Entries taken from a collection
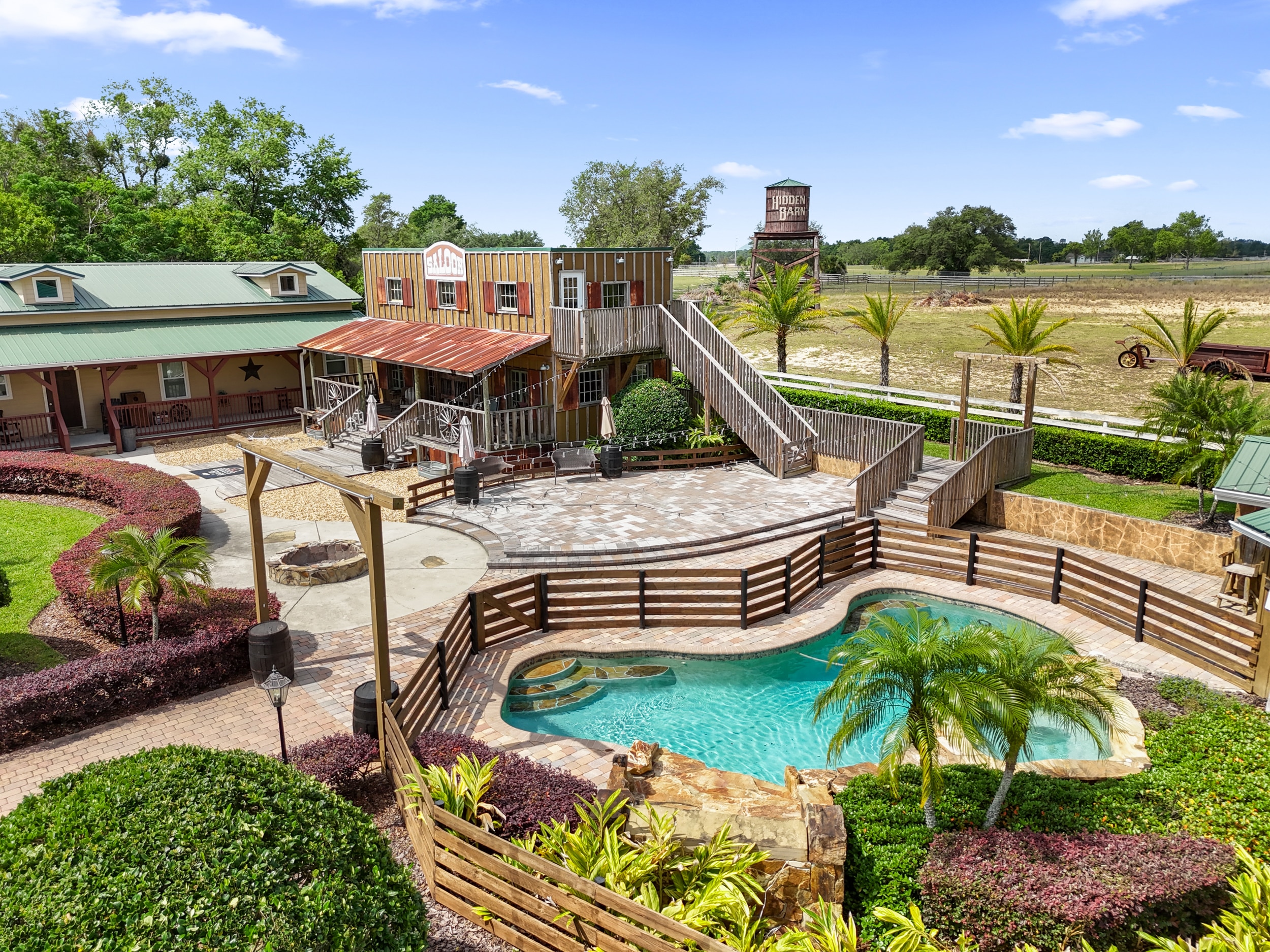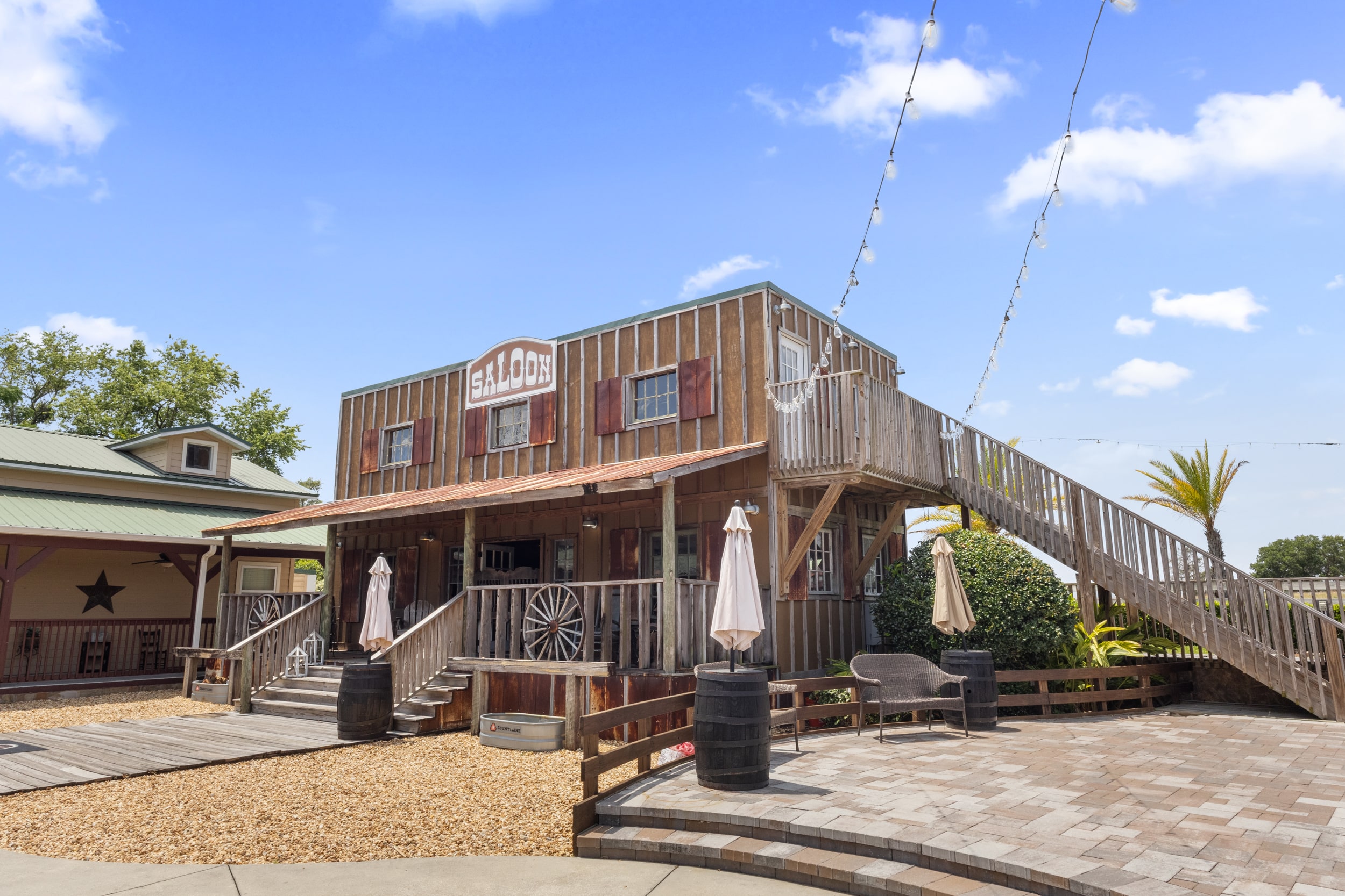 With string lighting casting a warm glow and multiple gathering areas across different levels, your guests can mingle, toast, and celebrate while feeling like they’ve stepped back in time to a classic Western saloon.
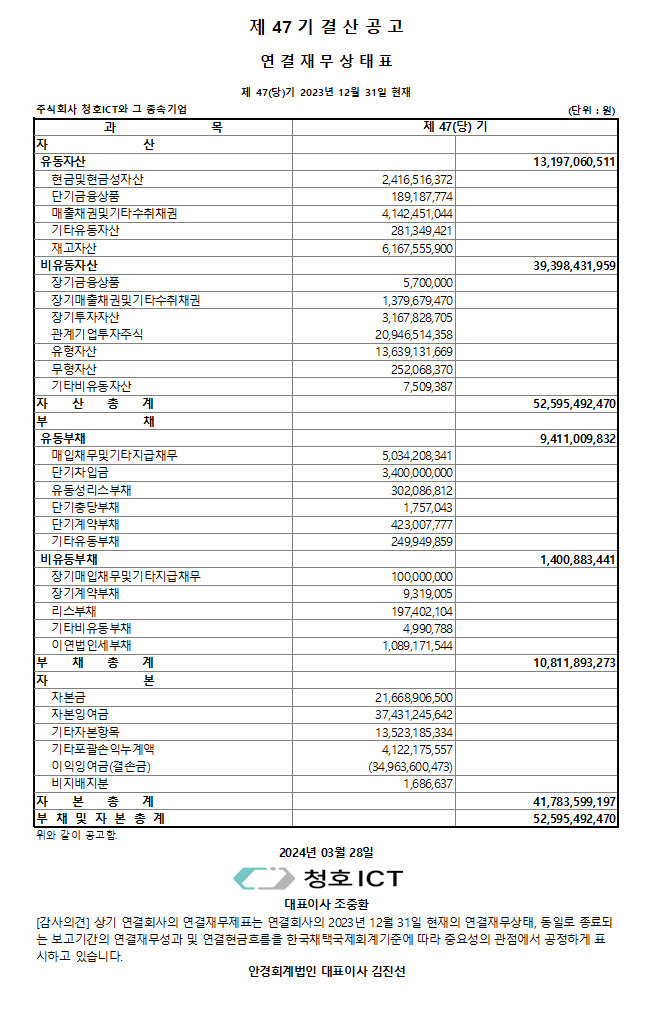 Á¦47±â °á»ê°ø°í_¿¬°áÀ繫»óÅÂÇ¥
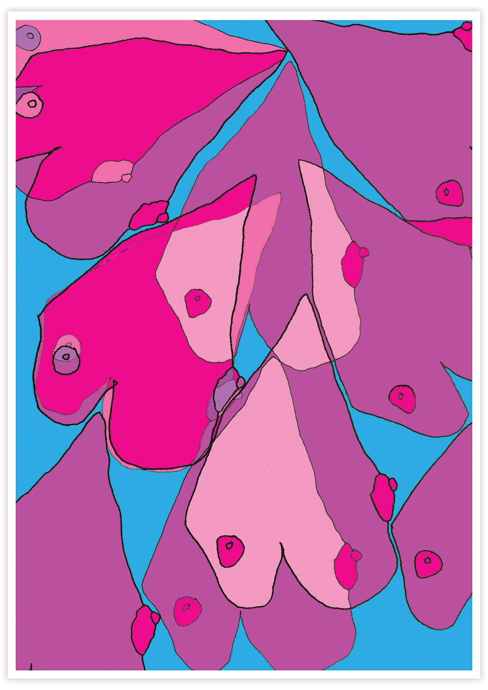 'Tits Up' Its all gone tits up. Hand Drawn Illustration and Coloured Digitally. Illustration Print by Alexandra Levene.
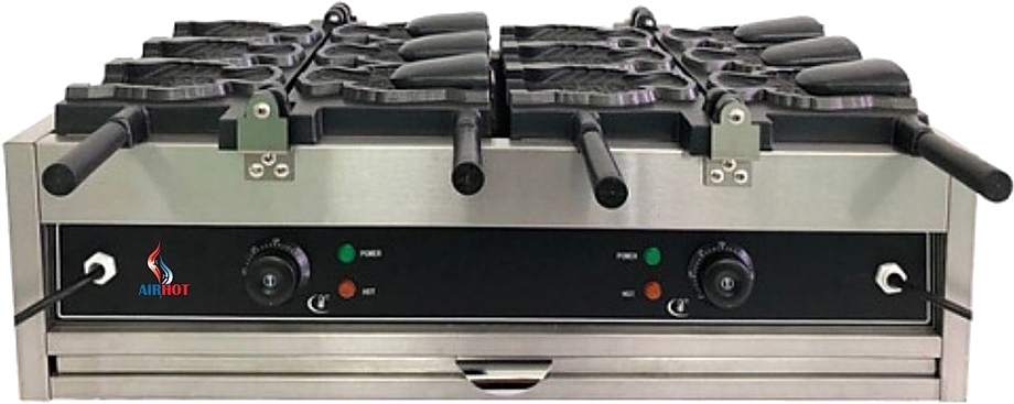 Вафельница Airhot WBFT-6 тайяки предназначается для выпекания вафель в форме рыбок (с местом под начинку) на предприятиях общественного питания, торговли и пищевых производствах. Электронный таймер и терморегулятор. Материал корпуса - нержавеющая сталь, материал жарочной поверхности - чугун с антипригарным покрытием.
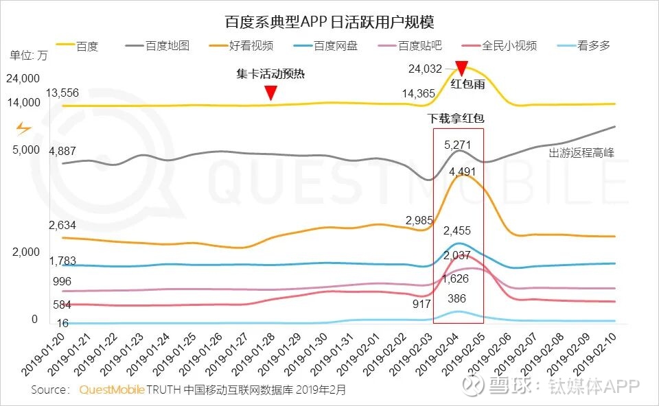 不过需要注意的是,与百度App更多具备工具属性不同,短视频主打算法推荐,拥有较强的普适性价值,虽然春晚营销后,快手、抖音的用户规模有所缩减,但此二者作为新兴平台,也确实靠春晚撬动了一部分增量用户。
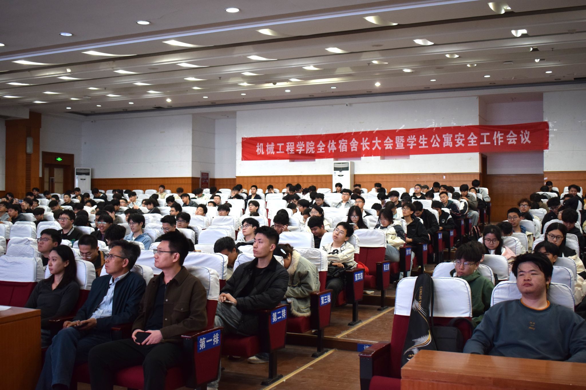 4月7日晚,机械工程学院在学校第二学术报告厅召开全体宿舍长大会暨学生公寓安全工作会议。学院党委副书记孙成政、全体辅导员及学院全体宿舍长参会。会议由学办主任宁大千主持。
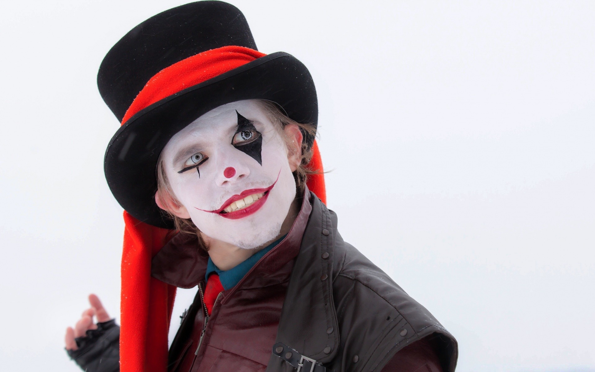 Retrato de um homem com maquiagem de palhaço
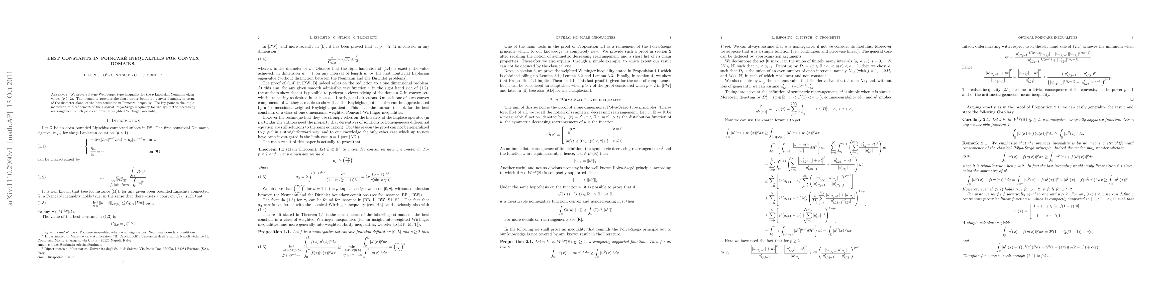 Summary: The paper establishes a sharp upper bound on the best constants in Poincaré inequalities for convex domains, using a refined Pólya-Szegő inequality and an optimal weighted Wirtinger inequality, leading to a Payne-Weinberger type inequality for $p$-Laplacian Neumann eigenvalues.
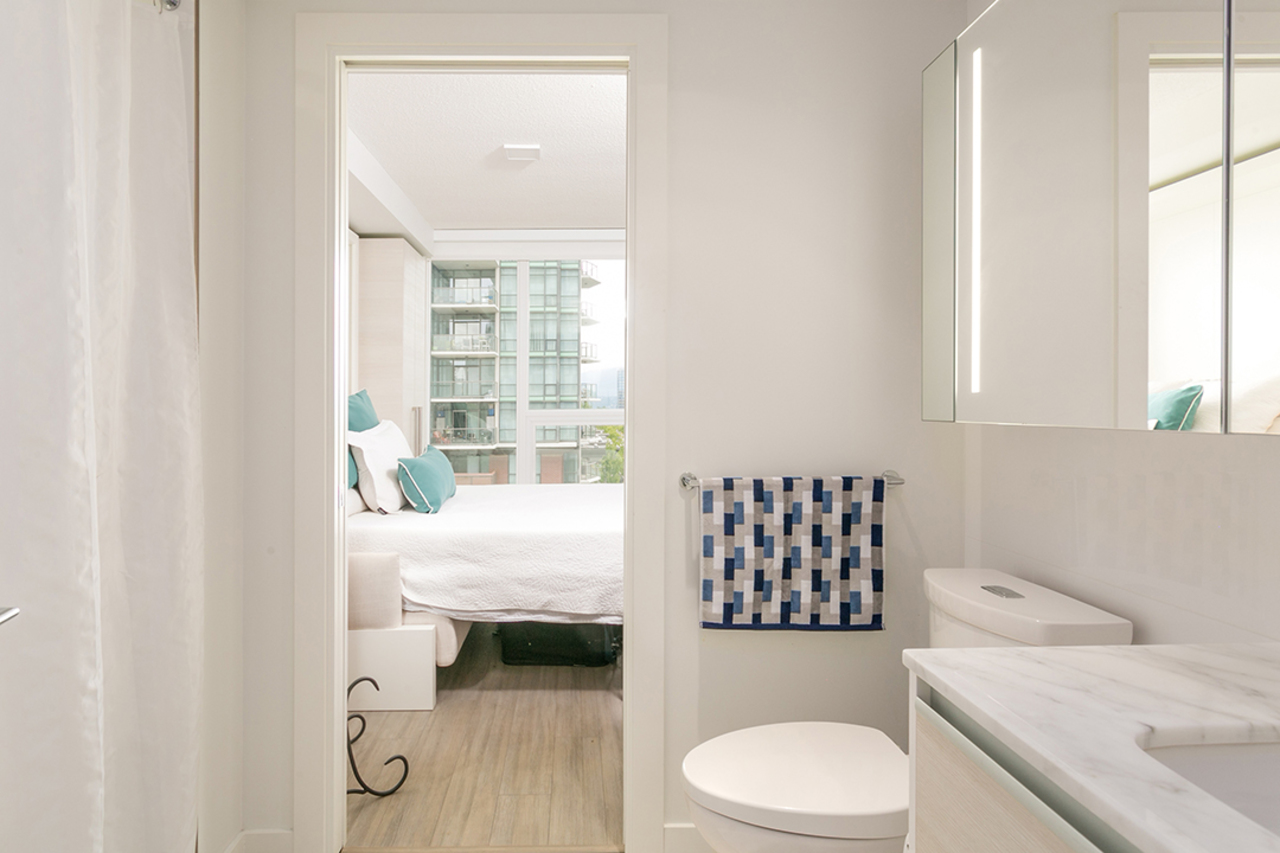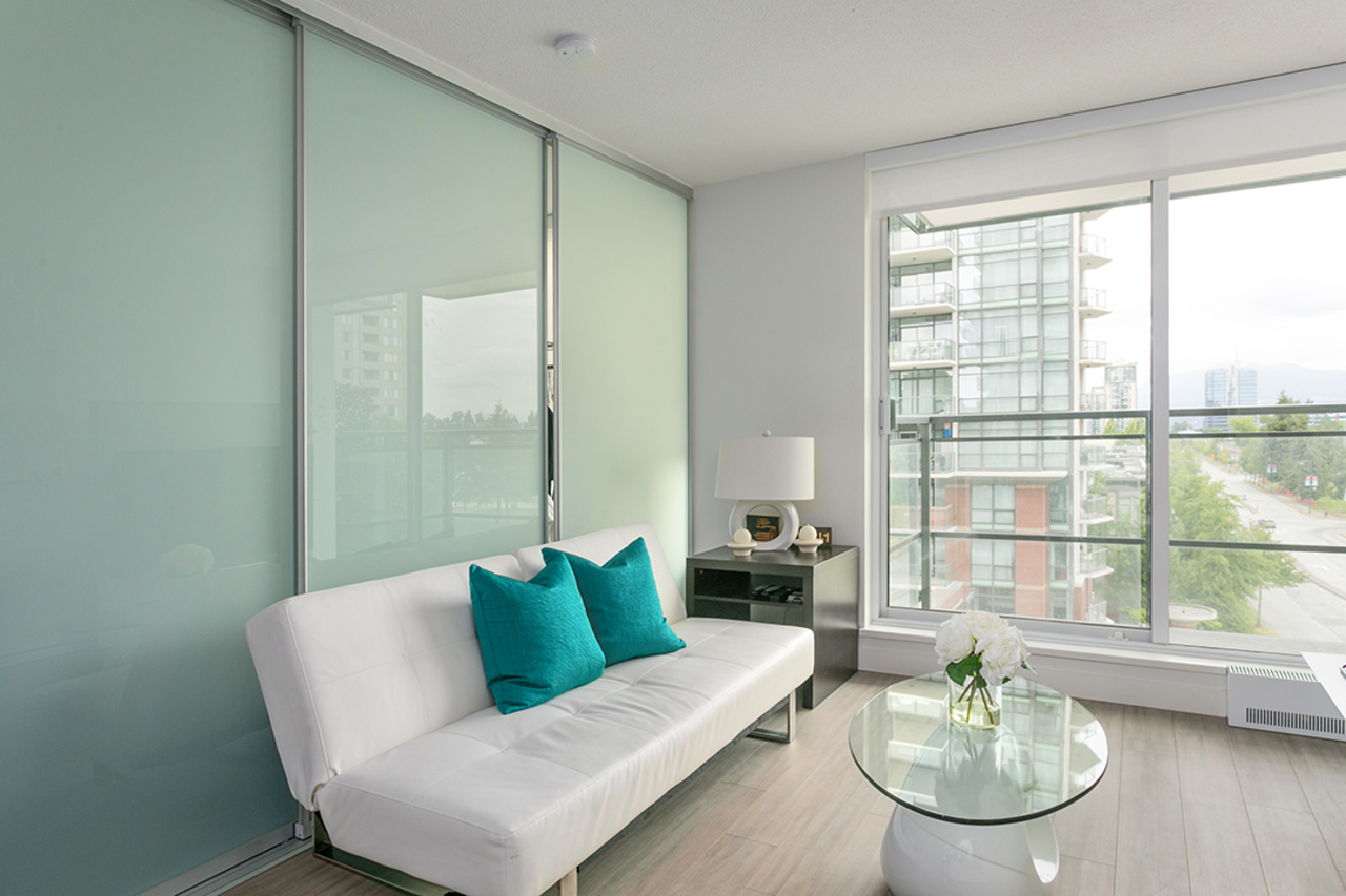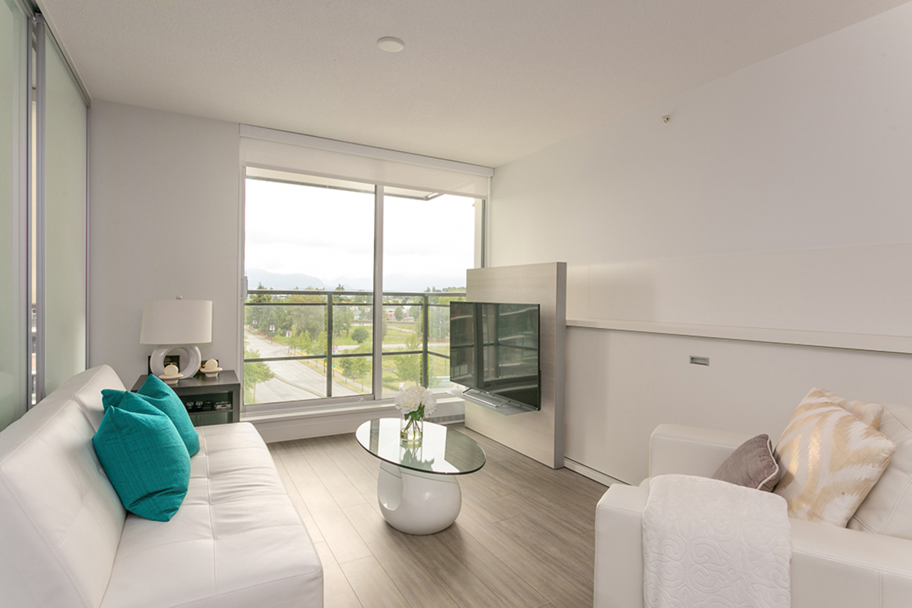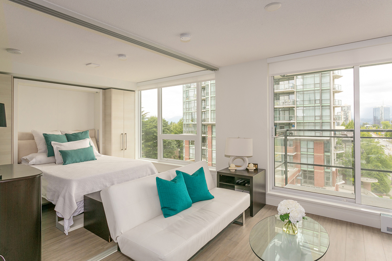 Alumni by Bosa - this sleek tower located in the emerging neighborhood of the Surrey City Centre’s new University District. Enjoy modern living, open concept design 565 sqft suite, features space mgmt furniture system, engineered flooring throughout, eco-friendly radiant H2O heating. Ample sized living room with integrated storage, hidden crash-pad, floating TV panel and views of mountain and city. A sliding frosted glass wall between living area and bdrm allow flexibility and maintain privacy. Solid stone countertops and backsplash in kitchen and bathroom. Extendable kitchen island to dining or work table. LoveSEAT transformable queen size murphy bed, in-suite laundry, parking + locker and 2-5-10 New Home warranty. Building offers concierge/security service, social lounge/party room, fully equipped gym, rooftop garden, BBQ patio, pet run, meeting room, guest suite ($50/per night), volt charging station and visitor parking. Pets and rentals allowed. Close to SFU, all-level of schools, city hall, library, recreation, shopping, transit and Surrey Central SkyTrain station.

* Problem details
Nothing but the lines from the one with "不过需要注意的是,与百度Ap" to the one with "Summary: The paper" above, both included, should be transcribed, exactly and without pictures.

* Result for this exercise
 不过需要注意的是,与百度App更多具备工具属性不同,短视频主打算法推荐,拥有较强的普适性价值,虽然春晚营销后,快手、抖音的用户规模有所缩减,但此二者作为新兴平台,也确实靠春晚撬动了一部分增量用户。
 4月7日晚,机械工程学院在学校第二学术报告厅召开全体宿舍长大会暨学生公寓安全工作会议。学院党委副书记孙成政、全体辅导员及学院全体宿舍长参会。会议由学办主任宁大千主持。
 Retrato de um homem com maquiagem de palhaço
 Summary: The paper establishes a sharp upper bound on the best constants in Poincaré inequalities for convex domains, using a refined Pólya-Szegő inequality and an optimal weighted Wirtinger inequality, leading to a Payne-Weinberger type inequality for $p$-Laplacian Neumann eigenvalues.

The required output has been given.